__Assigned task__.
Below this line are records; write out exactly the lines from the one containing "Dobrodružství začíná s" through the one containing "Модель очень оригинальная, предназначена", with the pictures left out.

[Opening Given data section]

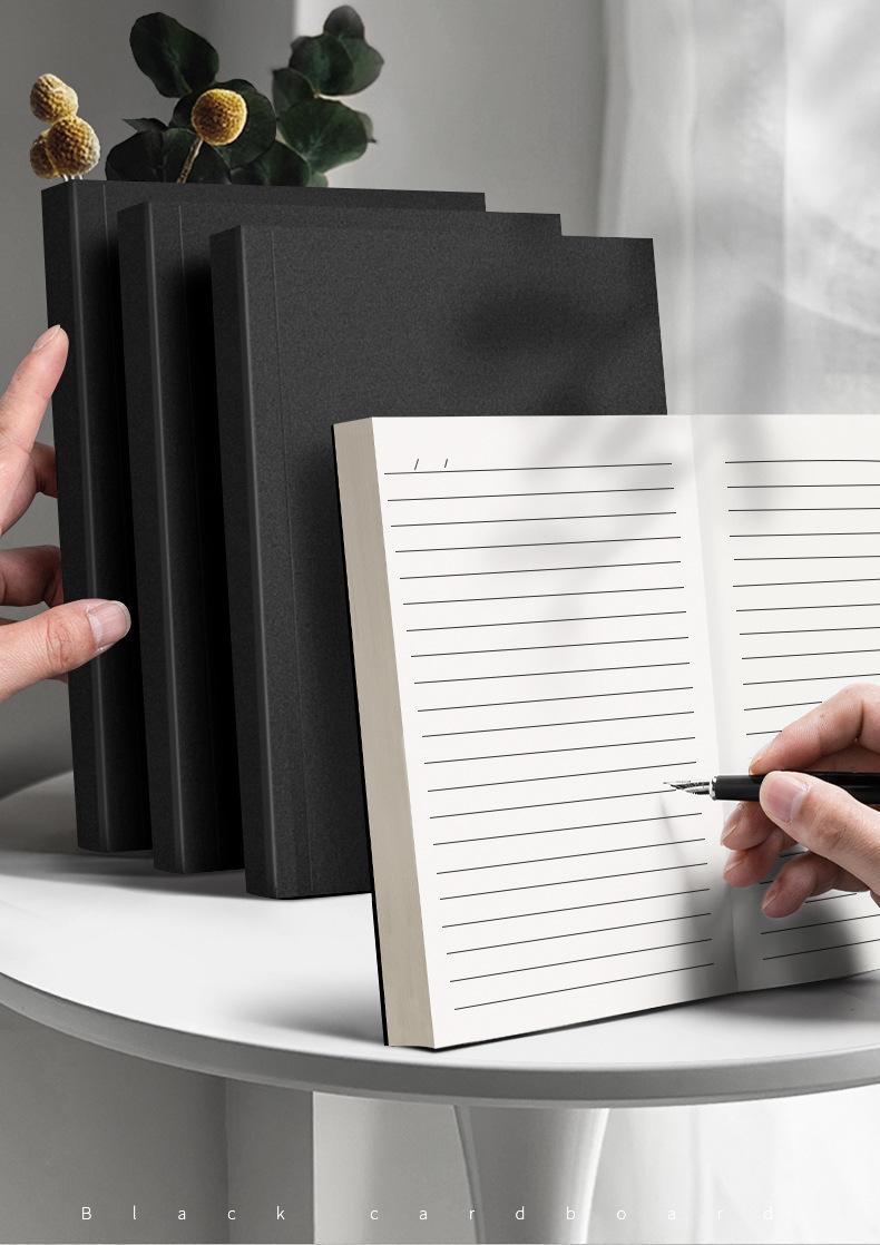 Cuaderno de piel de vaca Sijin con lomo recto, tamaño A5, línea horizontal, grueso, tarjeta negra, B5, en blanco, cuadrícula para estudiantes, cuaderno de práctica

[Closing Given data section]
[Opening Given data section]

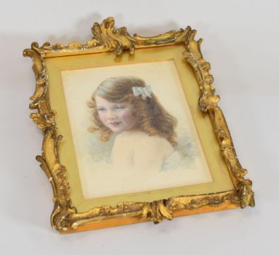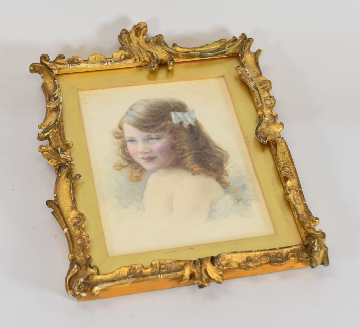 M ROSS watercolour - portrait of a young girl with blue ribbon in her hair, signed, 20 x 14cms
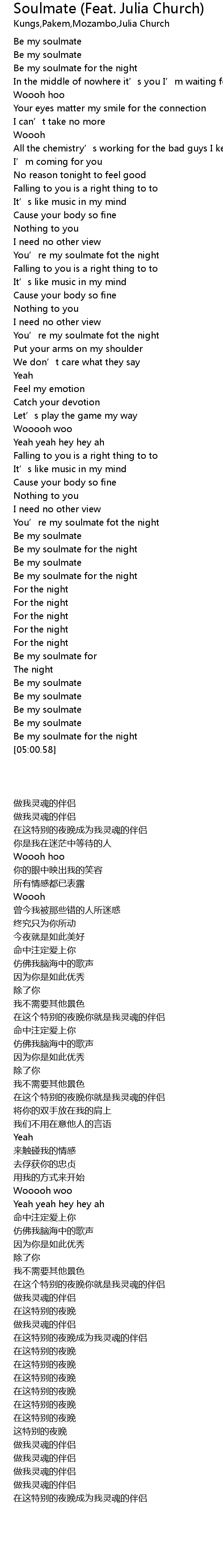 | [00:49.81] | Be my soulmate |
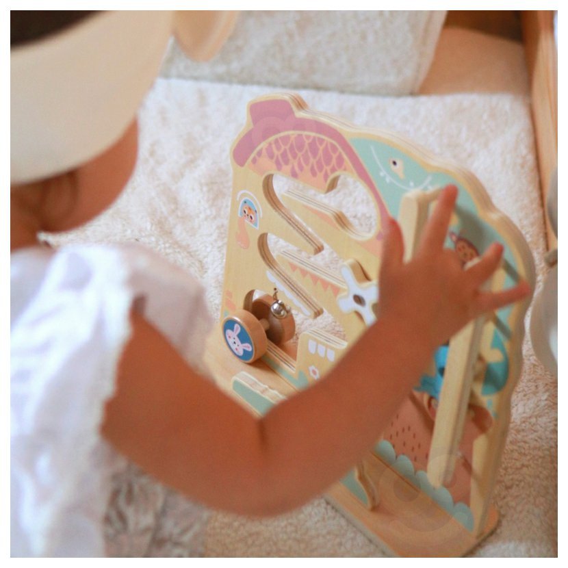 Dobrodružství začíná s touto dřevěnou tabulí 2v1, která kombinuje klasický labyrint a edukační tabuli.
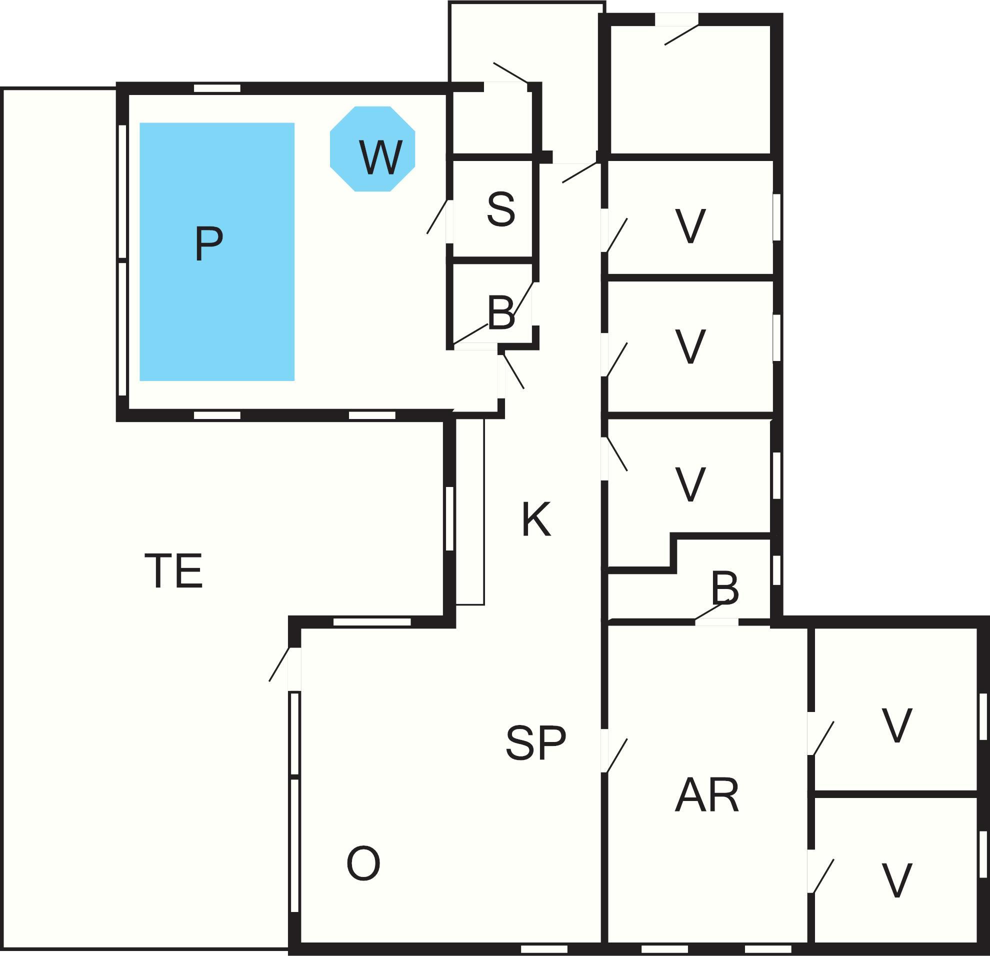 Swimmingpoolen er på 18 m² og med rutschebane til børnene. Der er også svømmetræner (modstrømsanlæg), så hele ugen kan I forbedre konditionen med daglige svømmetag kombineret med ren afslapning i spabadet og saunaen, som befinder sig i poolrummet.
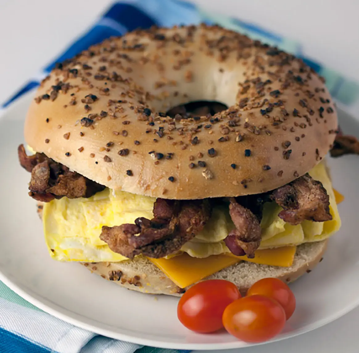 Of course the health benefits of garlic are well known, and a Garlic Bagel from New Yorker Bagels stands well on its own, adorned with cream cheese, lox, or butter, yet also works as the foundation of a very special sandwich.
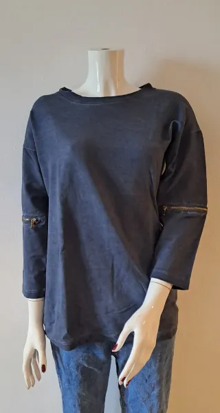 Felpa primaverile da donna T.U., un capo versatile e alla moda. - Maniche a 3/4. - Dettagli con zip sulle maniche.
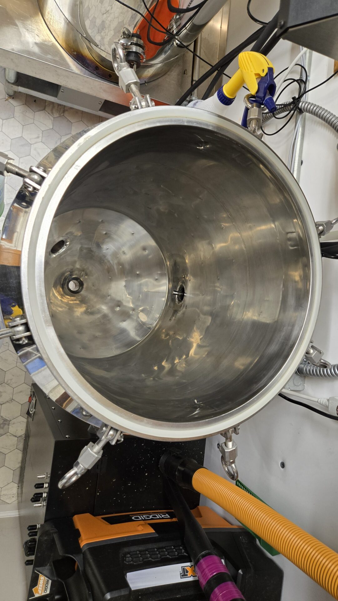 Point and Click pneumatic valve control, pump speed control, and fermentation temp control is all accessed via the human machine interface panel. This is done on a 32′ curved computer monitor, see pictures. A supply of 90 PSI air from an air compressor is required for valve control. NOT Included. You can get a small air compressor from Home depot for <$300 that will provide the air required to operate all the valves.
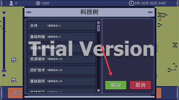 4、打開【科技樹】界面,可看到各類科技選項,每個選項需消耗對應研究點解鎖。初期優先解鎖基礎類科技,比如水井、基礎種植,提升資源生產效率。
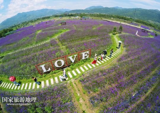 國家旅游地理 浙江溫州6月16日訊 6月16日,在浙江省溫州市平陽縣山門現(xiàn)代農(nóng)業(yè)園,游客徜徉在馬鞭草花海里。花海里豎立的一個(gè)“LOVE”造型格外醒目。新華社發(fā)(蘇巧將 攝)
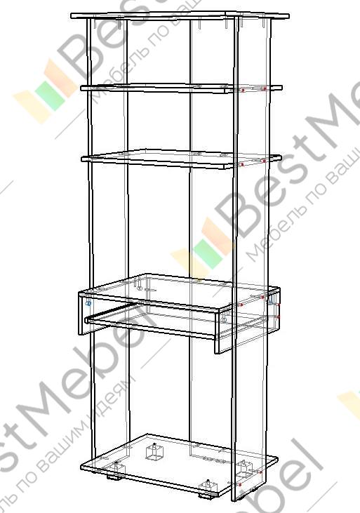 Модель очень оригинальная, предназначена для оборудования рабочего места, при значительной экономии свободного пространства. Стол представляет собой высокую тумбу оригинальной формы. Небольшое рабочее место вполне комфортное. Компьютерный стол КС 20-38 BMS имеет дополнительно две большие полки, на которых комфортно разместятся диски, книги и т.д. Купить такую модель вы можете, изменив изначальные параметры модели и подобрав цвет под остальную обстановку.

[Closing Given data section]

__The answer__.
 Dobrodružství začíná s touto dřevěnou tabulí 2v1, která kombinuje klasický labyrint a edukační tabuli.
 Swimmingpoolen er på 18 m² og med rutschebane til børnene. Der er også svømmetræner (modstrømsanlæg), så hele ugen kan I forbedre konditionen med daglige svømmetag kombineret med ren afslapning i spabadet og saunaen, som befinder sig i poolrummet.
 Of course the health benefits of garlic are well known, and a Garlic Bagel from New Yorker Bagels stands well on its own, adorned with cream cheese, lox, or butter, yet also works as the foundation of a very special sandwich.
 Felpa primaverile da donna T.U., un capo versatile e alla moda. - Maniche a 3/4. - Dettagli con zip sulle maniche.
 Point and Click pneumatic valve control, pump speed control, and fermentation temp control is all accessed via the human machine interface panel. This is done on a 32′ curved computer monitor, see pictures. A supply of 90 PSI air from an air compressor is required for valve control. NOT Included. You can get a small air compressor from Home depot for <$300 that will provide the air required to operate all the valves.
 4、打開【科技樹】界面,可看到各類科技選項,每個選項需消耗對應研究點解鎖。初期優先解鎖基礎類科技,比如水井、基礎種植,提升資源生產效率。
 國家旅游地理 浙江溫州6月16日訊 6月16日,在浙江省溫州市平陽縣山門現(xiàn)代農(nóng)業(yè)園,游客徜徉在馬鞭草花海里。花海里豎立的一個(gè)“LOVE”造型格外醒目。新華社發(fā)(蘇巧將 攝)
 Модель очень оригинальная, предназначена для оборудования рабочего места, при значительной экономии свободного пространства. Стол представляет собой высокую тумбу оригинальной формы. Небольшое рабочее место вполне комфортное. Компьютерный стол КС 20-38 BMS имеет дополнительно две большие полки, на которых комфортно разместятся диски, книги и т.д. Купить такую модель вы можете, изменив изначальные параметры модели и подобрав цвет под остальную обстановку.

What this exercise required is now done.